(Your goal):
Please repeat, exactly and without pictures, the lines of the entries below that run from the one containing "11、選擇移動工具,按住sh" through the one containing "Välkommen till Fredo´s".

**** Data supplied

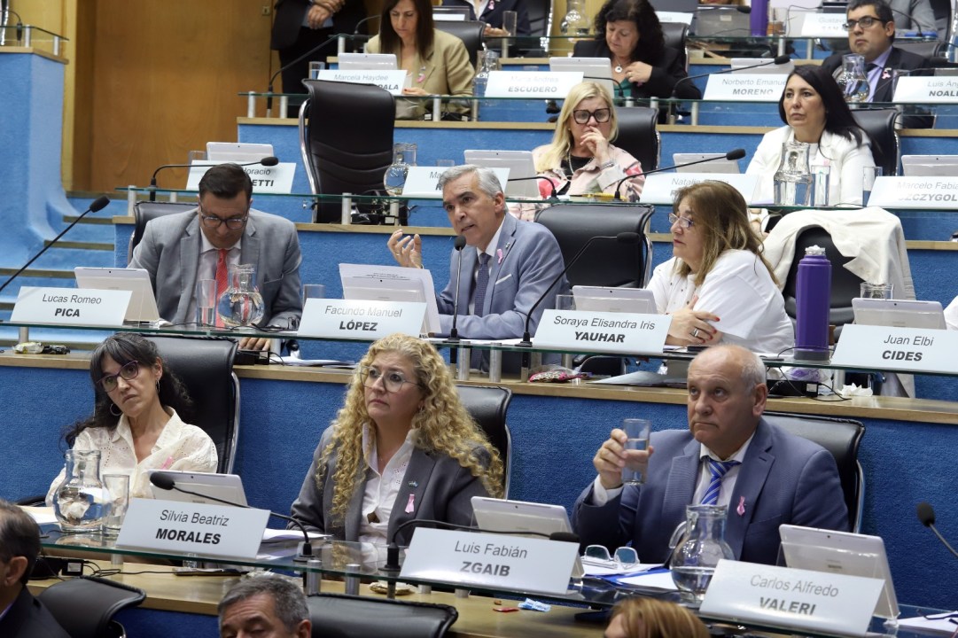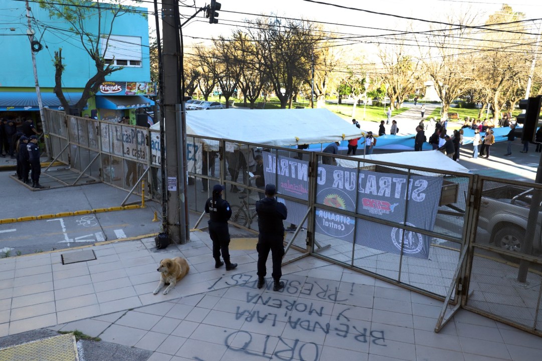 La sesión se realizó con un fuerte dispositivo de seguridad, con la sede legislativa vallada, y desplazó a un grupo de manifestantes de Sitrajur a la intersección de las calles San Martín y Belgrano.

********
**** Data supplied

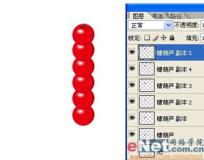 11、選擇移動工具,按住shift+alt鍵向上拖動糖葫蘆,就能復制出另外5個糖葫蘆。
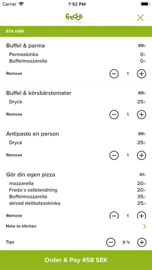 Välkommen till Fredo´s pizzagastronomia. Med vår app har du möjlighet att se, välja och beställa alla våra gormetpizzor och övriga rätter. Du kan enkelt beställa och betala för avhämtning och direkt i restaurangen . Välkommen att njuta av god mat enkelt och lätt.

********

(Solution for this problem):
 11、選擇移動工具,按住shift+alt鍵向上拖動糖葫蘆,就能復制出另外5個糖葫蘆。
 Välkommen till Fredo´s pizzagastronomia. Med vår app har du möjlighet att se, välja och beställa alla våra gormetpizzor och övriga rätter. Du kan enkelt beställa och betala för avhämtning och direkt i restaurangen . Välkommen att njuta av god mat enkelt och lätt.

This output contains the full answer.